なら、今のうちに………、!?えっ!?もう!?
ボクに向けて太い光線が放たれた。
くっ!!やられた…………。
小刀を投げ、丸腰となったボクに……………くっ!………命中………。
ボクは…………大ダメージを…………被った。
ボクは………そのまま墜落…………。
伝説………、やっぱり…………強い……。
………
sideベリー
「[ソーラービーム]!」
「くっ!!」「フライ!!」
フライに光線が命中した………。
フライはそのまま落下して、地面に叩きつけられた…。
っ!わたしが………、わたしが、もっとしっかりしていたら………、ラテも……、フライも傷つかなかったのに………。
わたしが……臆病だから………。
「くっ、ようやく……倒れたか……。残りは……。」
そう言って、赤の巨体が、わたしを睨む……。
「わたしの………わたしのせいだ………。」「お前だけだ!![大文字]!」
世界が涙でぼやけはじめた。
…………もう、誰も、傷つくのは……
「まだ…………終わって……いない![目覚める………パワー]………。」
「何っ!?っ!」
見たくない!
「まだ……戦えるのか……しぶといな……[ソーラー…ビーム]!」
「うわっ!!!」
もう、誰も………傷つかないで!!
「………っ、やっと…倒れたか………。今度こそ………。」
わたしに相手が刻一刻と迫る……。もう、おしまいだ………。
sideフライ
…………っ!
もう、………限界だ………。
意識を維持するだけでも………、辛い………。
このままだと…………、ベリーちゃんまで…………。
でも……………ダメだ……………。体に…………力が………入らない………。
ボクは………最後の力を………ふりしぼり………、通信機の………マイクの………電源を………入れる…………。

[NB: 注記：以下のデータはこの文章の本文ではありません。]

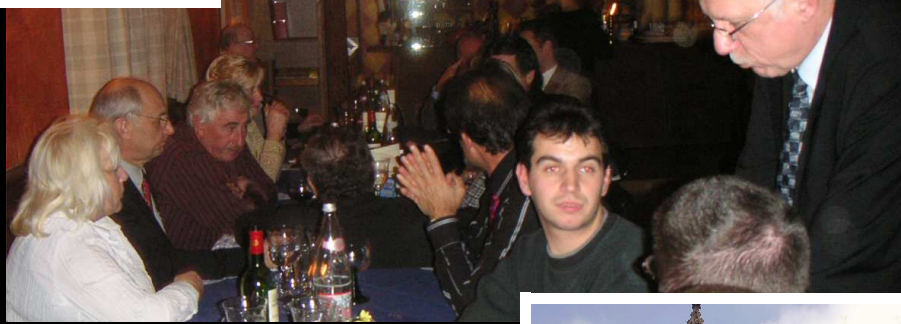
Le lieu, l'ambiance et le dessert - une triple omelette norvégienne.
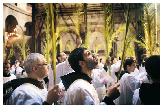
Des catholiques de l'Église romaine soulignent le dimanche des Rameaux à Jérusalem. Les chrétiens palestiniens ont aussi participé aux cérémonies.

redaction@ledevoir.com Jean-Claude Leclerc enseigne le journalisme à l'Université de Montréal.
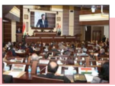
خطوات تشكيل حكومة الاقليم تدخل حيز التنفيذ بعد الاتفاق النهائي للأحزاب الرئيسة

بموجب محدد. وأضاف الخفاجي أن التهم الموجهة للقضاء ومخالفين لشروط "الاستيزار" من أجل اقالتهم، مبينا أن الكتل السياسية بانتظار رد عبد المهدي للخروج
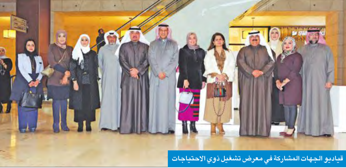
قياديو الجهات المشاركة في معرض تشغيل ذوي الاحتياجات

الإعاقة بالفرض الوظيفية المتاحة لهم في القطاع الخاص تطبيقاً لمواد قانون المعاقين»، «هذا اليوم الأول لتدشين المعرض التعريفي، على أن يتبعه أكثر من معرض خلال الأيام المقبلة لتفعيل إجراءات التعيين بالتنسيق مع هيئتي القوى العاملة والإعاقة»، وأضاف السراشد «نأمل أن نجني ثمار هذا التعاون بما يصب في مصلحة ذوي الاحتياجات الخاصة»، مشيراً إلى أن «قطاع القوى العاملة في برنامج إعادة الهيكلة بابه مفتوح لاستقبال جميع فئات المعاقين».
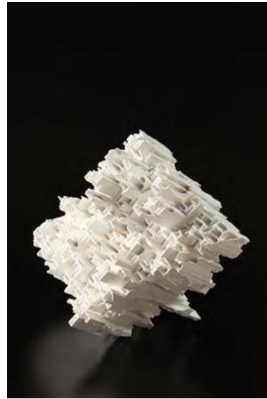
« Modern Remains 2010 » ( 43x37x45cm )

Quand il était à l'Université, il commence à s'intéresser à l'art plastique et il entre au Centre de la Céramique et du Design de Tajimi pour acquérir la connaissance technique et industrielle de la céramique. Au début il participe à la production du design de l'éclairage. C'est à la suite d'un accident dans son four que l'artiste a trouvé son nouveau concept sur ses œuvres : « La complexité et l'ordre », « la solidité et la fragilité ». Ces éléments se mêlent sur son œuvre et arrivent à créer une forme futuriste qui évoque la nostalgie des ruines des cités mayas. Après avoir moulé la porcelaine de Seto dans des tubes de section carrée, il les casse avec un marteau au hasard, sans idée préconçue et il insiste pour « détruire pour créer ». C'est la nouvelle tendance de la céramique du XXI ème siècle.
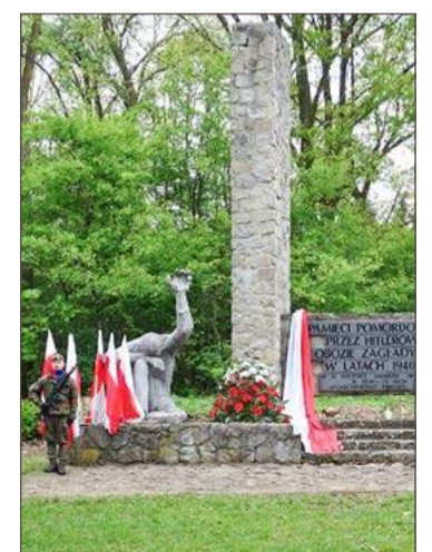
Tutaj znajduje się pomnik upamiętniający ofiary obozu.

Jak zapewniamy władze gminy, zadanie zostanie powierzony tyl-
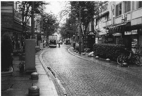
カーブをつけ、歩道 だんさ と段差のない道路 (パセオ470通り)

「………シルク………、今………、どこにいる………?」ボクは………、何とか………声を………ふりしぼる………。
《フライ、私達は[熱水の洞窟]の奥地、もうすぐで抜けれそうだわ。でも、フライ!?そんな声でどうしたのよ!??》
そうか………もうすぐで来れるんだね………。
「そっか………。なら………ベリーちゃんを…………助けて…………すぐに………逃げて…………」《えっ!?フライ!?どういうことよ!??》
これだけ伝えれば…………、もう……、安心だ………。
シルクが………来てくれるから………。
「だから…………あとは…………頼んだ……よ………。」《フライ!?フライ!?一体何があったのよ!!返事して!!フライ!!!》
ボクは…………マイクの電源を…………切る間もなく…………意識を…………手放した…………。
シルク………、あとは…………頼んだよ………。